The median age in the city was 43.7 years. 24.8% of the residents were under the age of 20; 4.7% were between the ages of 20 and 24; 22.0% were from 25 and 44; 26.4% were from 45 and 64; and 22.2% were 65 years of age or older. The gender makeup of the city was 48.8% male and 51.2% female.

===2010 census===
As of the census of 2010, there were 422 people, 176 households, and 116 families residing in the city. The population density was 1278.8 PD/sqmi. There were 209 housing units at an average density of 633.3 /sqmi. The racial makeup of the city was 98.3% White, 0.7% Native American, 0.2% Asian, and 0.7% from two or more races. Hispanic or Latino of any race were 2.1% of the population.

There were 176 households, of which 33.0% had children under the age of 18 living with them, 47.2% were married couples living together, 11.4% had a female householder with no husband present, 7.4% had a male householder with no wife present, and 34.1% were non-families. 29.5% of all households were made up of individuals, and 12.5% had someone living alone who was 65 years of age or older. The average household size was 2.40 and the average family size was 2.92.

The median age in the city was 40.7 years. 26.8% of residents were under the age of 18; 6.9% were between the ages of 18 and 24; 21.6% were from 25 to 44; 28.3% were from 45 to 64; and 16.6% were 65 years of age or older. The gender makeup of the city was 49.3% male and 50.7% female.

===2000 census===
As of the census of 2000, there were 450 people, 184 households, and 128 families residing in the city. The population density was 1,358.1 PD/sqmi. There were 210 housing units at an average density of 633.8 /sqmi. The racial makeup of the city was 97.78% White, 0.22% Native American, 0.44% Asian, and 1.56% from two or more races. Hispanic or Latino of any race were 0.22% of the population.

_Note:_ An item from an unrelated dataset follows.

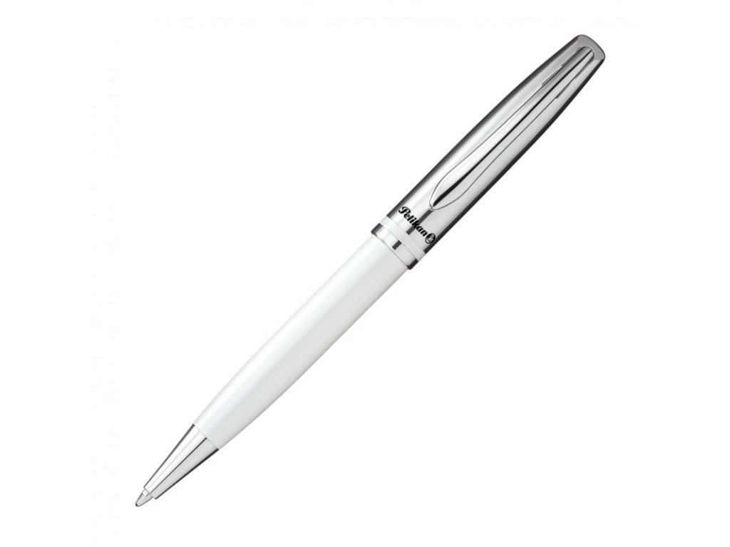 - Classic, kovové s pochromovanou vrchní částí a bílou spodní částí těla, s kovovým klipem, leskle lakované, náplň Pelikan 337 M modrá

There were 184 households, out of which 28.8% had children under the age of 18 living with them, 52.2% were married couples living together, 8.7% had a female householder with no husband present, and 29.9% were non-families. 29.3% of all households were made up of individuals, and 14.7% had someone living alone who was 65 years of age or older. The average household size was 2.45 and the average family size was 2.95.

In the city, the population was spread out, with 25.6% under the age of 18, 9.1% from 18 to 24, 22.9% from 25 to 44, 23.8% from 45 to 64, and 18.7% who were 65 years of age or older. The median age was 39 years. For every 100 females, there were 107.4 males. For every 100 females age 18 and over, there were 99.4 males.

The median income for a household in the city was $32,500, and the median income for a family was $42,857. Males had a median income of $35,500 versus $23,438 for females. The per capita income for the city was $14,657. About 7.5% of families and 12.6% of the population were below the poverty line, including 12.5% of those under age 18 and 16.2% of those age 65 or over.

==Education==
The Twin Cedars Community School District operates local public schools.